As a Catholic running for office, Buchanan said his faith informs his positions on issues, as does his upbringing "and the natural law tradition that dates back to Aquinas and Aristotle. ... It's all interwoven."
Buchanan attends Latin Mass regularly at St. Mary Church in Washington or goes to church in the parish where he grew up, Blessed Sacrament in Chevy Chase, Md. He and his wife, Shelley, live in McLean, Va.
Buchanan, who will turn 62 on Nov. 2, is a native of Washington. A journalist and book author, he is a regular panelist on the TV show "Crossfire" and other political discussion shows. He has never held elected office but was a senior adviser to both Presidents Nixon and Ford and was a Republican candidate for president in 1992 and 1996.
Buchanan said it was unrealistic to believe he would prevail in November.
But, he said, his campaign goal is to create "a new party that's conservative and traditionalist and which has a great passion about its convictions and a willingness to fight for them," he said.
He said his campaign has faced some obstacles, including efforts to drive his party off state ballots, a delay in getting federal election funding of $12.6 million, lack of media coverage and "the successful operation of the two parties to keep me out of the debates."
Also, Buchanan had to undergo gall bladder surgery, which kept him off the campaign trail for several weeks.
He thinks a Gore-Buchanan race would have sparked greater interest this election year.
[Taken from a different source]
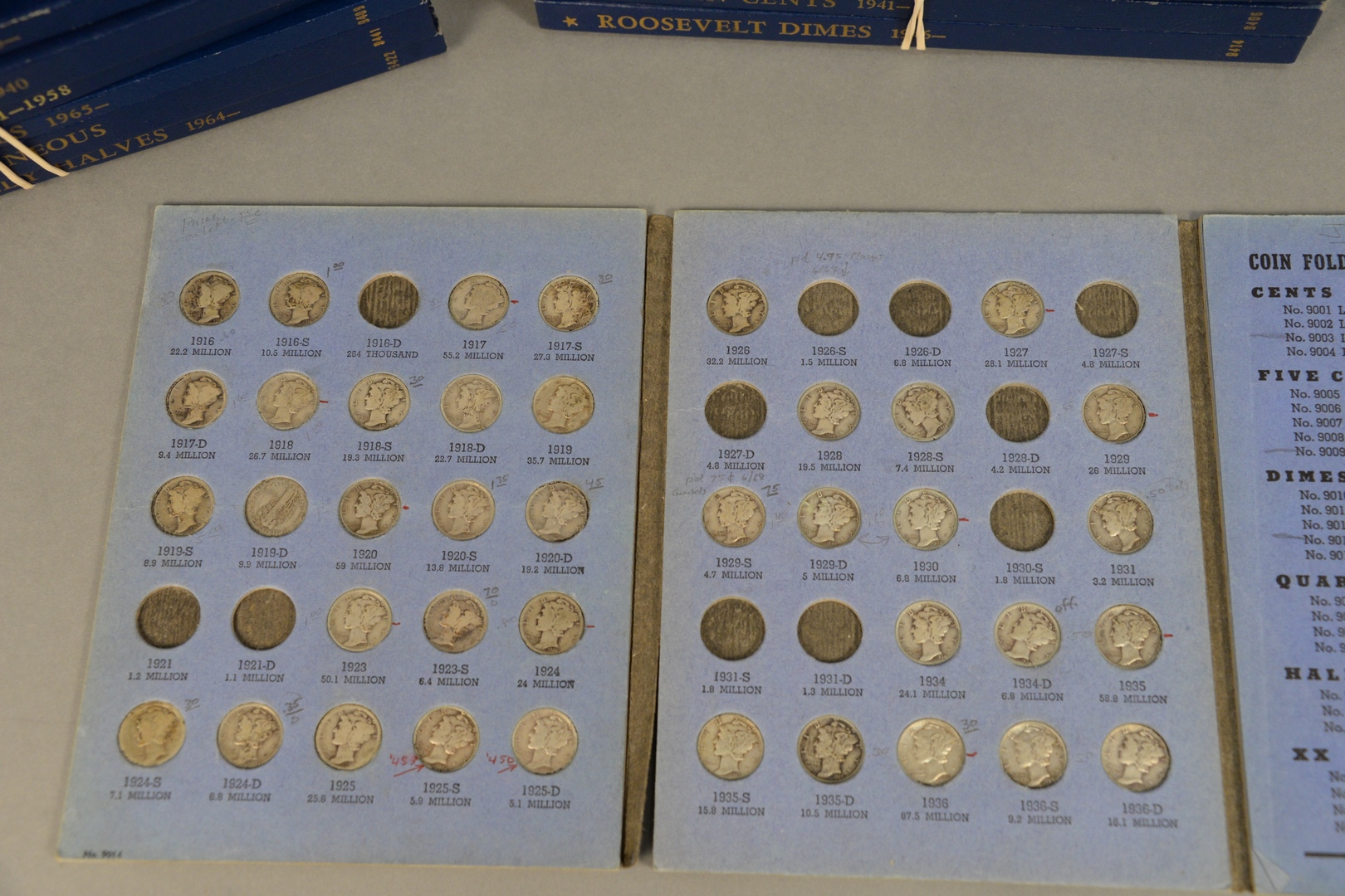 24 Albums Coin Albums, ten assorted coin albums (many are empty) along with 5 assorted albums with some 90% and 9 assorted albums with some 90% Indian, Buffalo, Jefferson, Roosevelt and Washington quarters.

"I'm not suggesting we'd walk away with a victory but at least the American people would know there had been a real clash of philosophies and ideas and visions for the future and that the choice had been clear," he said.
Regardless of his chances on Election Day, Buchanan said his campaign will "give it everything we've got."
"We could wind up very strong, but we could be (like) one of those fellows who crosses the finish line at the Boston Marathon after dark," he said. "But we shall finish."